▸ RECORDED INFORMATION
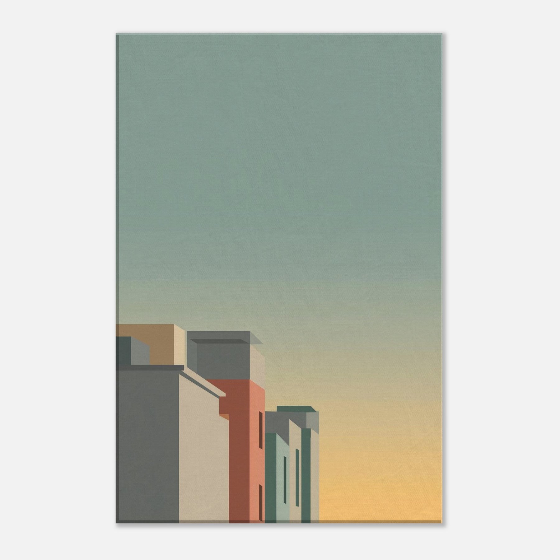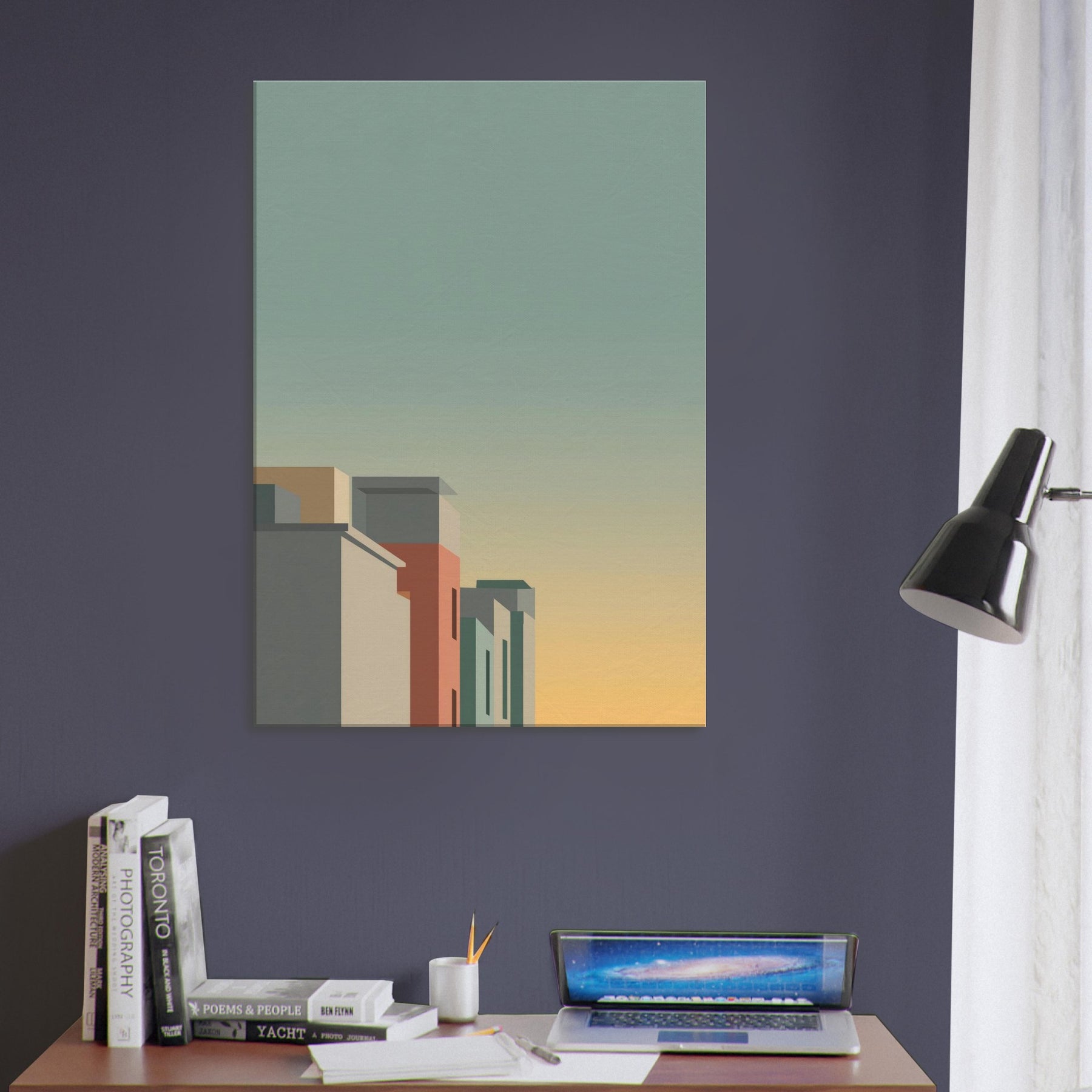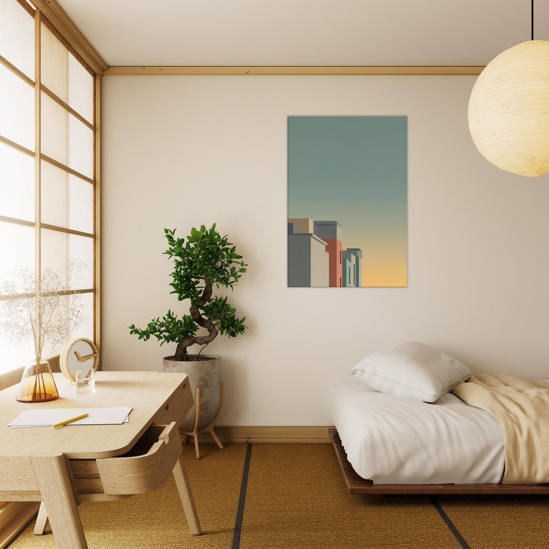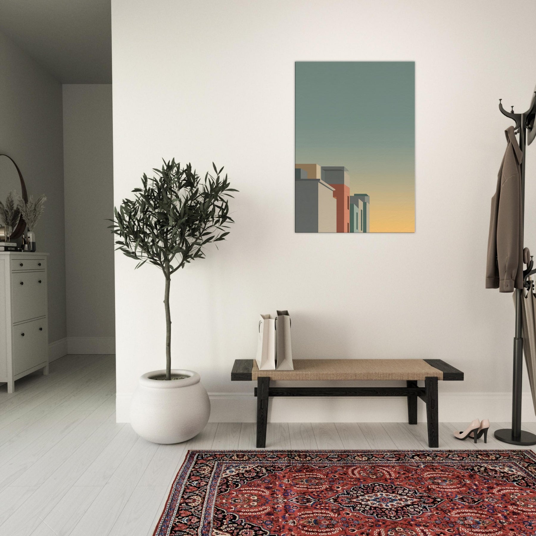 A minimalist skyline unfurls in soft blocks and quiet color, inviting the eye to rest on Cairo at daybreak. The gentle gradient from teal to honey invites calm into a living space, where architecture becomes a meditation on light and space. This artwork balances restraint with personality, making walls feel open and present. It pairs beautifully with warm woods or cool neutrals, transforming a room into a serene walk through a city’s quiet hours.
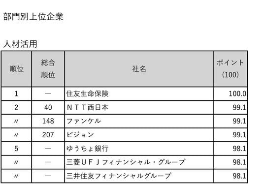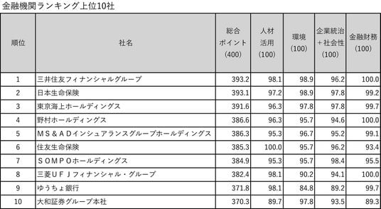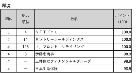 金融機関ランキングは三井住友フィナンシャルグループが4年連続の1位となりました。部門別でも人材活用5位、環境4位、企業統治+社会性24位と高水準です。同社は従業員エンゲージメント調査を毎月実施し、結果を部署単位で迅速に還元しています。1人当たりの年間教育研修費用・時間もそれぞれ10万円、25.5時間とトップクラスです。環境面では、脱炭素に取り組むための「トランジションファイナンス」に関するエンゲージメントを積極的に実施しています。
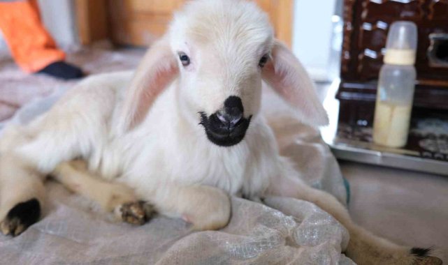 Annesinin reddettiği engelli kuzuya evde bebek gibi bakılıyor

▸ WHAT TO WORK ON
Would you repeat the listing word for word and skip every picture?

▸ ANSWER AREA
 A minimalist skyline unfurls in soft blocks and quiet color, inviting the eye to rest on Cairo at daybreak. The gentle gradient from teal to honey invites calm into a living space, where architecture becomes a meditation on light and space. This artwork balances restraint with personality, making walls feel open and present. It pairs beautifully with warm woods or cool neutrals, transforming a room into a serene walk through a city’s quiet hours.
 金融機関ランキングは三井住友フィナンシャルグループが4年連続の1位となりました。部門別でも人材活用5位、環境4位、企業統治+社会性24位と高水準です。同社は従業員エンゲージメント調査を毎月実施し、結果を部署単位で迅速に還元しています。1人当たりの年間教育研修費用・時間もそれぞれ10万円、25.5時間とトップクラスです。環境面では、脱炭素に取り組むための「トランジションファイナンス」に関するエンゲージメントを積極的に実施しています。
 Annesinin reddettiği engelli kuzuya evde bebek gibi bakılıyor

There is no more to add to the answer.